Book Review: Sherlock Holmes - The Army of Doctor Moreau / Author: Guy Adams / Publisher: Titan Books / Release Date: August 24th

It’s funny how life is sometimes. Starburst was the first magazine to feature a review of one of Guy Adams’ books back in the day, and now we’re covering his latest work, The Army of Doctor Moreau.

As aficionados of Victorian literature may have guessed from the name, the latest offering from Adams draws on H.G. Wells’ The Island of Doctor Moreau for inspiration and world-building and plonks Sherlock Holmes and Dr. Watson in the middle of it all. The story concerns a potential return of Doctor Moreau to the streets of London, and this time he’s bringing hybrid-creatures with him. But is he actually back? That’s the question that troubles our heroes for a good portion of the novel.

Joining them on this adventure is a crack squad of scientists and big game hunters picked by Sherlock’s living sofa of a brother Mycroft. Professor's Cavor, Challenger and Lindenbrook (rather than Lidenbrock; Adams is using a different translation of Jules Verne’s original French text to get his name) form the scientist part of the equation; while some characters from the Holmes canon make an appearance (namely Shinwell Johnson and Wiggins, their page-boy) and finally, big game hunter Carruthers comes from Adams’ series of original novels to complete the party.

Mercifully, all those characters are in there for a reason – they all have a part to play and we get to see events from the perspective of about 90% of them in little snippets (indeed, a humorous few statements from Mycroft serve as an ending to the book). This does lead to some overlap in the events that we see, lines that are repeated but that’s to be expected – it ensures that the reader doesn’t lose track of the characters.

Considering that it has 284 pages, it’s amazing how quickly that flies by. It’s not the longest book in the world (that honour belongs to Twilight when you’re forced to read it) but it still dips into the moral questions that must’ve plagued the scientists of the 19th century and anything that does that is well worth a read.

It’s not the best pastiche around but Adams is a natural fit for the world of Sherlock Holmes.
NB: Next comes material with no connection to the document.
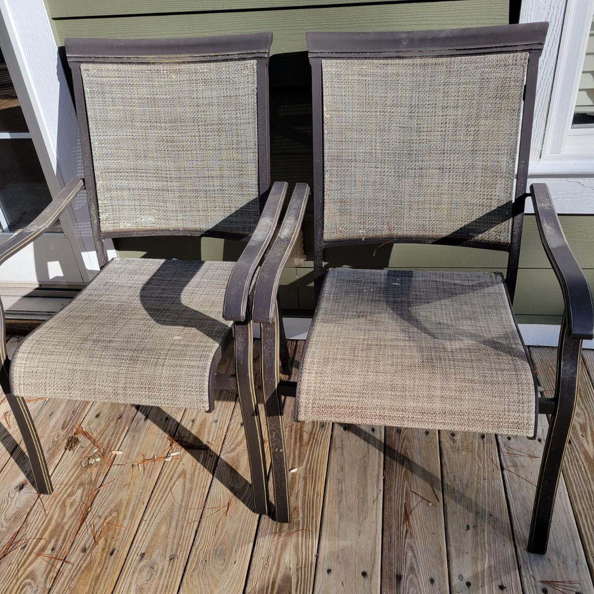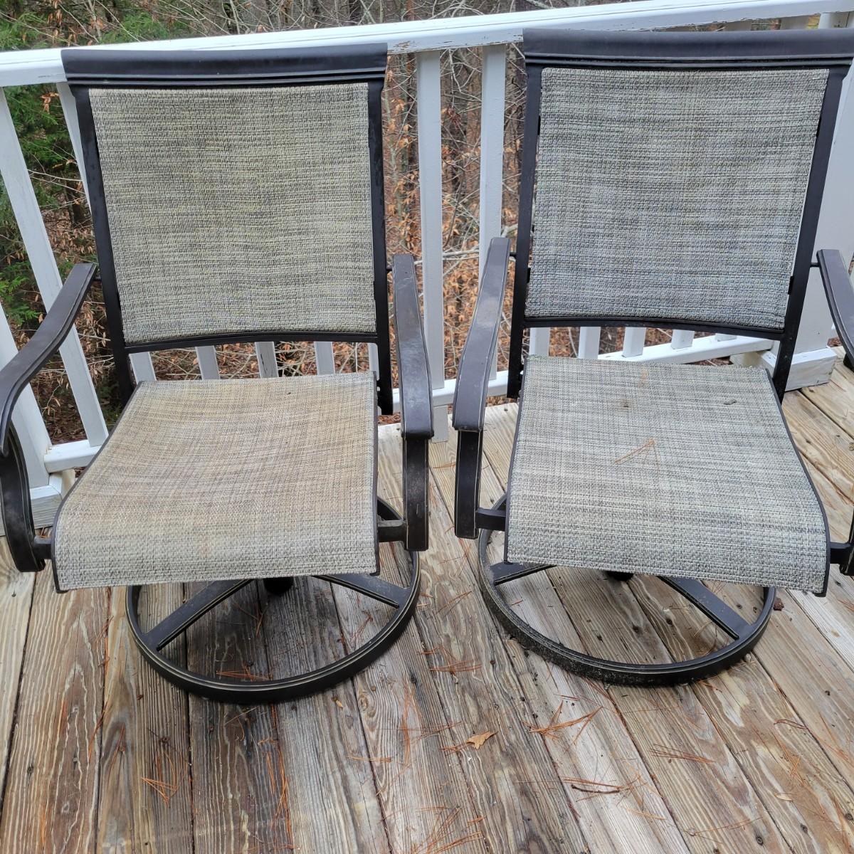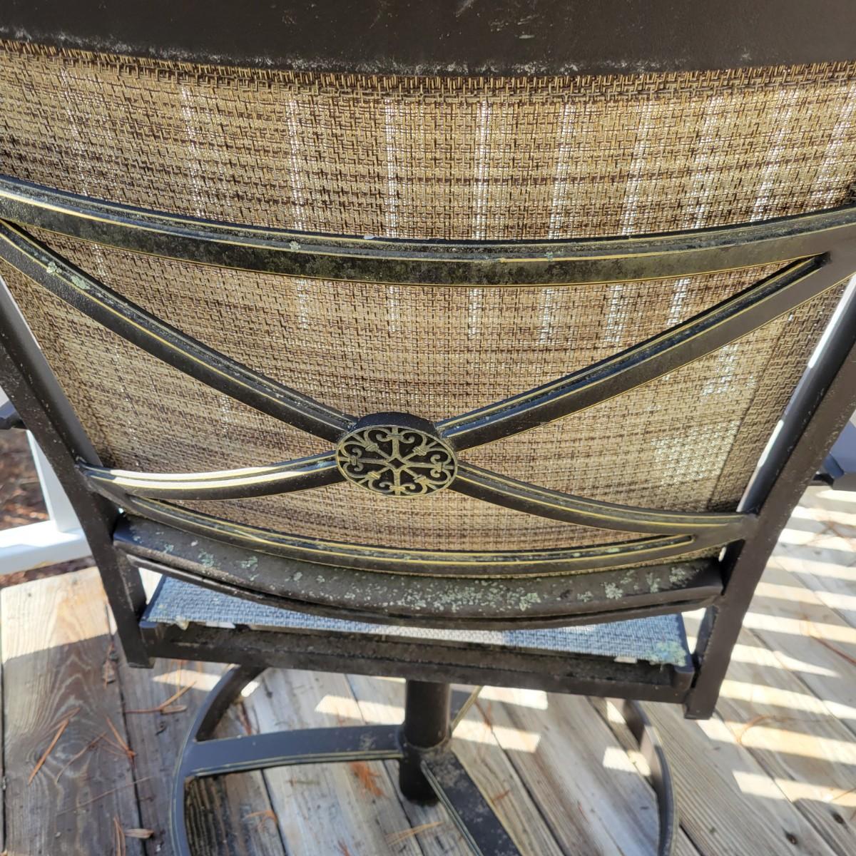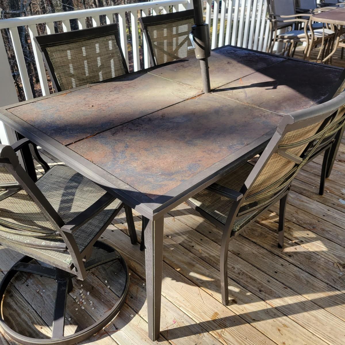 A patio table, chairs and umbrella in good condition. The umbrella and chairs have some lichen growing on them, but otherwise no notable damage. Included is a large patio table with a tile top and metal base. Table measures approximately 68" x 40 x 28.5". Also included is an umbrella that functions as it should, but has no base, and six metal and fabric chairs. Two chairs have a round base and swivel. Local pickup only

He creates interesting stories with well-developed characters and brings a subtle sense of humour to the work (one line in particular was genius and fit the character of Holmes rather well). We can but hope that he gets the chance to visit the streets of Victorian London again, at least once more. One thing that Adams wanted to accomplish with these books is to have them read like novels of the time, and he has certainly succeeded in that.